The most widely used, best understood, and probably most successful alternative to Clean is the Maximum Entropy Method (“MEM”). This is implemented in AIPS by the task VTESS. This requires a dirty image and beam, such as those produced by IMAGR with NITER set to 0, each twice the (linear) size of the region of interest (as for APCLN and SDCLN). The deconvolution produces an all-positive image whose range of pixel values is as compressed as the data allow. The final VTESS image is therefore stabilized against Clean-like instabilities while providing some “super-scale” wherever the signal-to-noise ratio is high. VTESS can also deconvolve multiple images simultaneously; see below.

There are three main reasons to prefer MEM deconvolution over all of the Clean deconvolution methods:

  1. MEM can be much faster for images which have strong signals in many pixels. “Many” seems to be 5122 or so.
  2. MEM produces smoother reconstructions of extended emission than does Clean.
  3. MEM allows introduction of a priori information about the source in the form of a “default” image.

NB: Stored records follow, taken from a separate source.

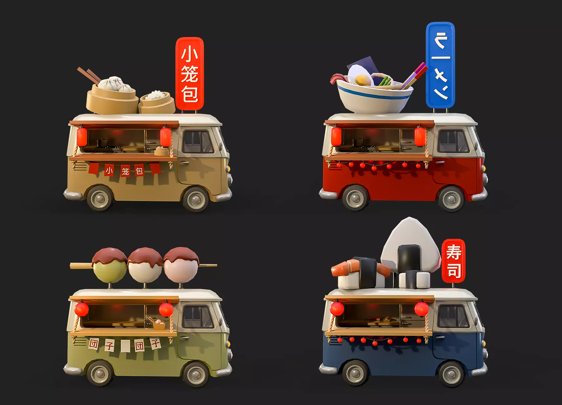 A set of four unique food trucks featuring various Asian cuisines, each embodying its own vibrant gastronomic mood and distinctive Eastern style. These models fit perfectly into projects where scene lightness and an expressive, cute design matter.The ideal low-poly pack for flat-color games.
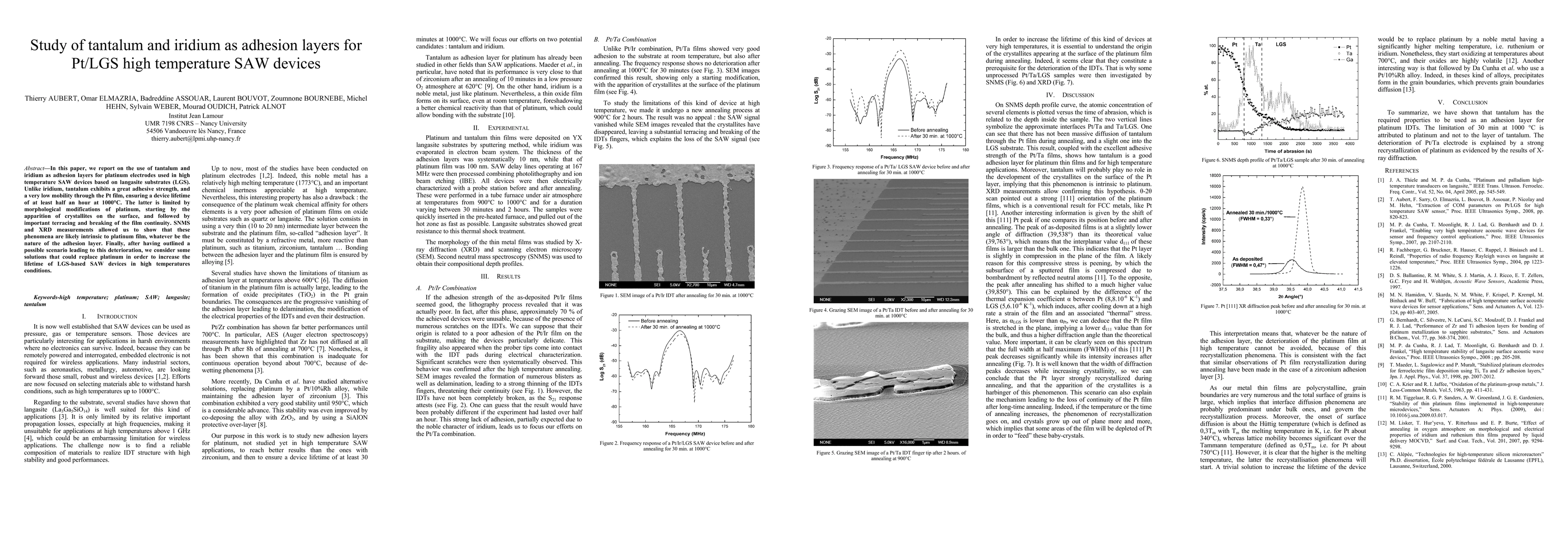 This study investigates tantalum and iridium as adhesion layers for platinum electrodes in high-temperature SAW devices on langasite substrates, finding tantalum to provide superior adhesive strength and longevity at 1000°C. Despite this, platinum films still degrade due to intrinsic morphological changes, prompting consideration of alternative materials to enhance device longevity.
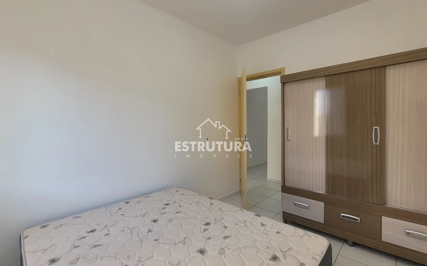 Garagem para 1 Carro bem em frente ao Bloco, 2 quartos , Banheiro com box blindex, Cozinha com armário com geladeira, fogão, microondas, 1 quarto com cama de casal e no 2 quarto um armário.

Because VTESS can produce excellent deconvolutions of extended sources in much less computation time than Clean, but requires careful control, we recommend studying the output of EXPLAIN VTESS  C R before using the task. The NOISE parameter is particularly important; some have claimed that VTESS requires this to be within 5% of the correct value in order to deconvolve fully without biasing the total flux. (Use IMEAN (§7.3) to estimate the true rms.) Chapters 8 and 15 of the NRAO Summer School on Synthesis Imaging in Radio Astronomy also provide useful general background.

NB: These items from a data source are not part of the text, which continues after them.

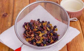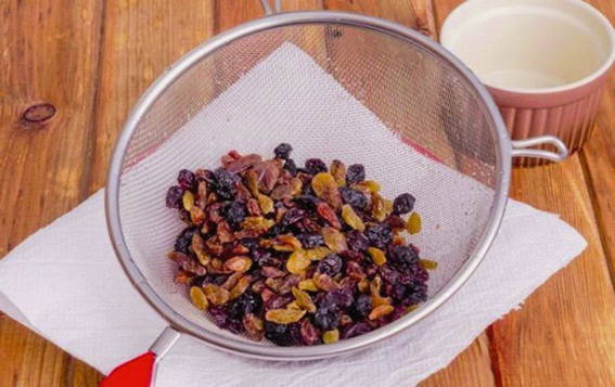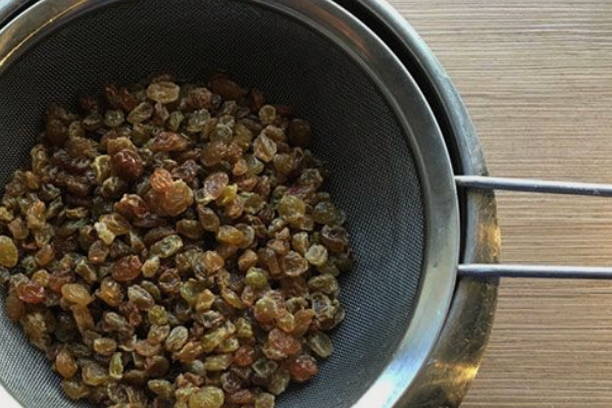 - Vul de rozijnen met heet water gedurende 10 minuten, was ze en droog ze af.
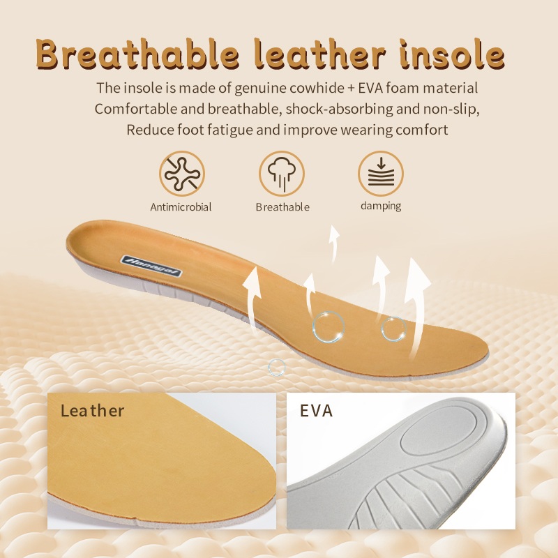 Оригинална говедска кожа + влошка од пена EVA - дише, амортизира и не се лизга. Одржува свежо чувство на стапала милја по милја.
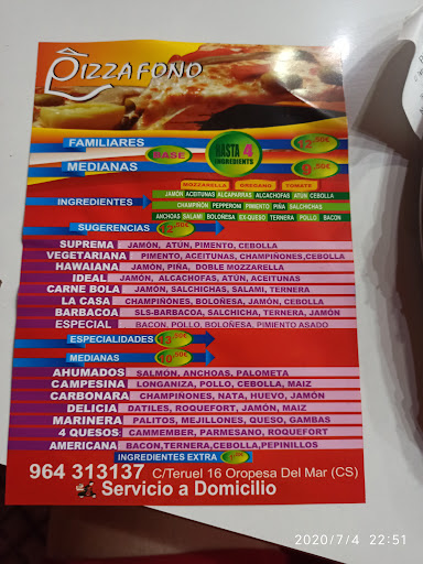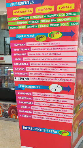 En segundo lugar me ha gustado el menú pues te puedes medio personalizar la pizza, añadiendo a los ingredientes base ( tomate, queso y orégano ) 4 ingredientes adicionales a elegir.
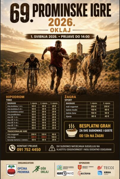 Tradicionalne 68. Prominske igre održati će se na Praznik rada, u petak 1. svibnja. Prijave za natjecatelje otvorene su do 14 sati, a organizatori su Općina Promina i DŠR Oklaj. Program će se odvijati na hipodromu i na Žagri, a sudionike očekuje niz sportskih disciplina i tradicionalnih natjecanja.
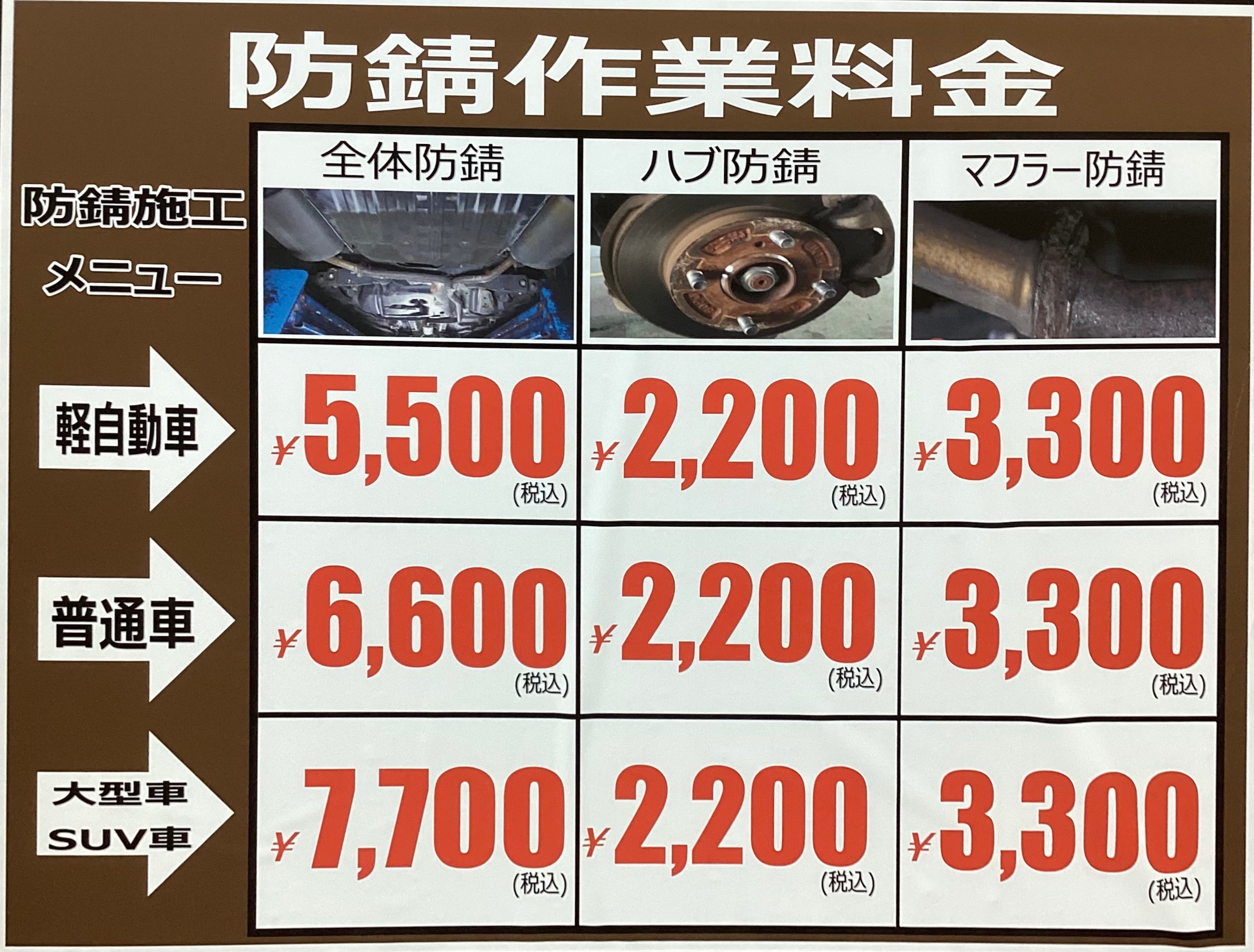 車の錆止め!下回り、マフラー、ハブ、お任せください!

MEM can be used for quantitative work on regions of good (> 10) signal-to-noise ratio, if the dirty image is convolved with a Clean beam prior to deconvolution. Use the AIPS task CONVL for this purpose. The images may also be post-convolved, and added to the residuals, within VTESS. In many cases, the images of extended sources produced by SDCLN and VTESS are functionally identical. VTESS usually converges in much less CPU time, however, at the expense of leaving significantly larger residual sidelobes close to bright compact (point-like) features. To get around this deficiency of VTESS, first use Clean to remove the peaks of bright point-like features, then run VTESS on the residual image produced by this restricted Clean. (The AIPS Clean tasks will output a residual image if you set BMAJ < 0.) The Clean components may be restored to the final image with tasks CCRES or RSTOR.

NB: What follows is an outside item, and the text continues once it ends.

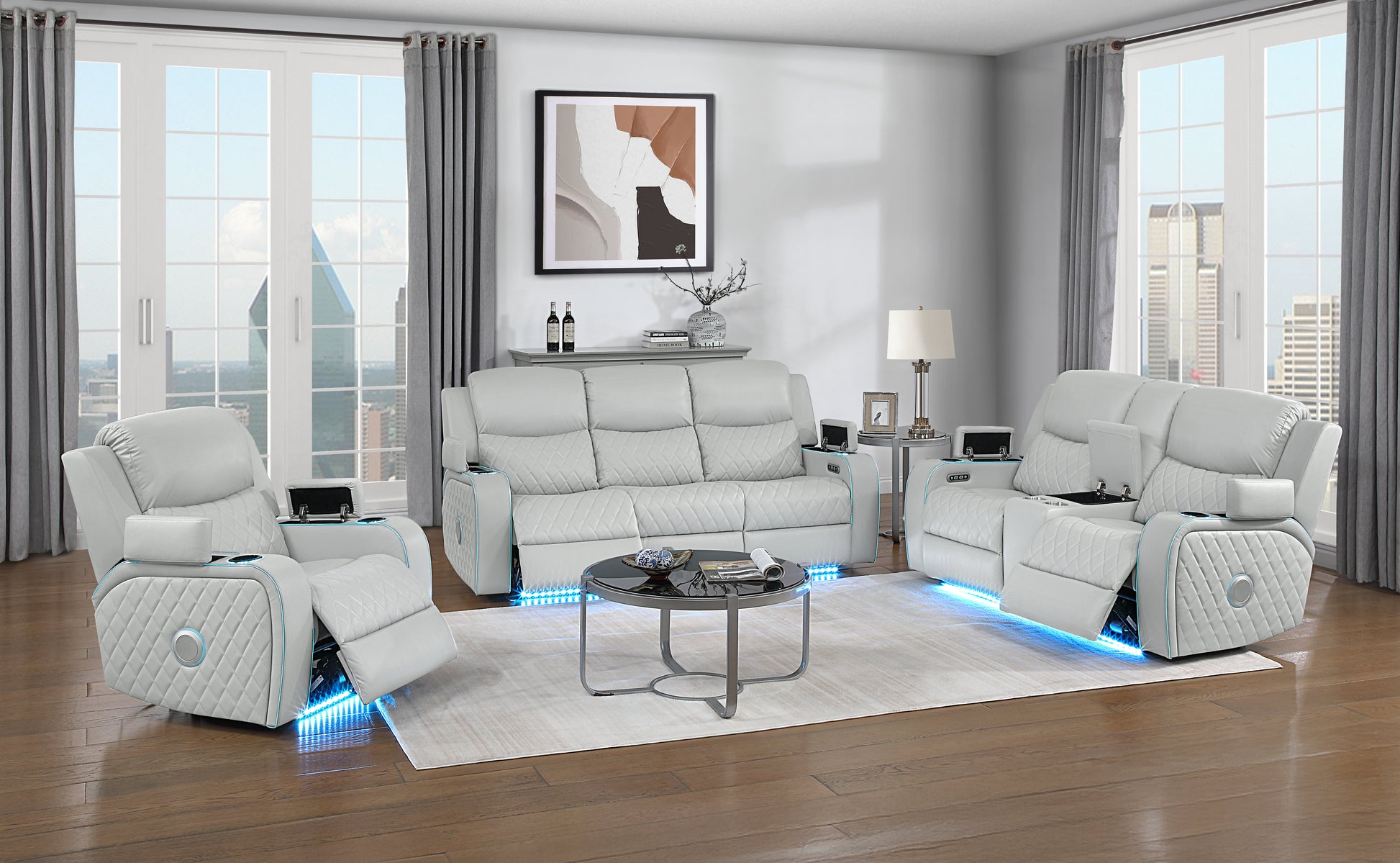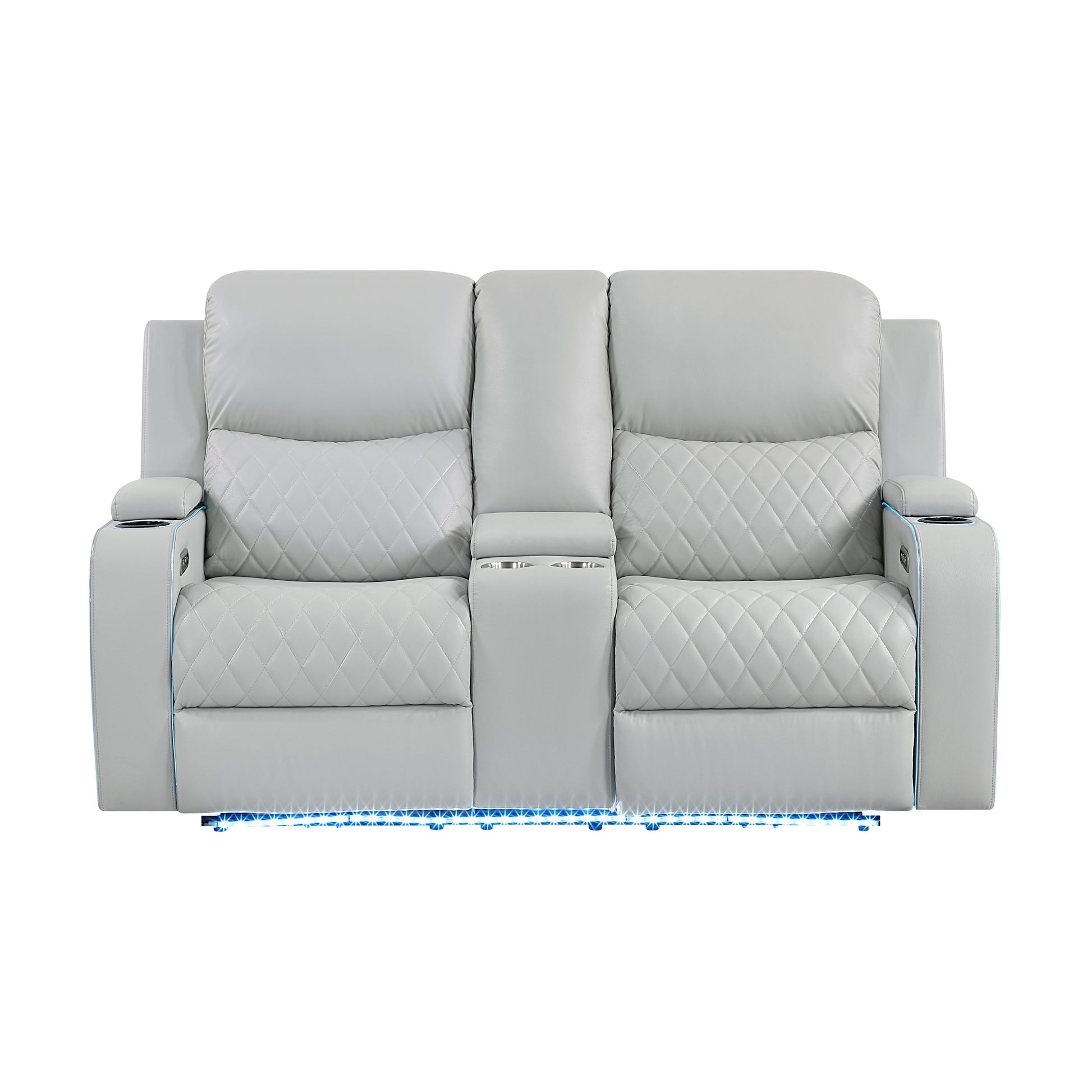 Bring luxury home with the Elonzo loveseat, where quilted diamond stitching meets modern power motion comfort. Adjustable headrests, built-in speakers, and glowing LED accents create a cinematic experience, while the center console with cup holders and storage keeps everything within reach.

VTESS can also combine information from different types of data. For example, single-dish data can be used to constrain the imaging of interferometer data, or many pointings covering one large object can be processed together. VTESS takes up to 4087 pairs of images and beams, together with some specification of the primary beam for each, either a circular Gaussian model or the VLA primary beam, and performs a joint maximum entropy deconvolution to get an image of one field. The images must all be in the same coordinate system, and a noise level must be known for each. The time taken is approximately the time VTESS would take for one input map and beam, multiplied by the number of map/beam pairs.

VTESS cannot be used on images which are not intrinsically positive, such as images of the Stokes Q, U, and V parameters. UTESS is a version of VTESS designed to deconvolve polarization images, for which a positivity constraint cannot be applied. For further information type EXPLAIN UTESS  C R

Two further alternatives to Clean have been implemented in AIPS as experimental tasks. These are algorithms due to Gerchberg and Saxton (APGS) and van Cittert (APVC). Type EXPLAIN APGS  C R, EXPLAIN APVC  C R for further information on these tasks.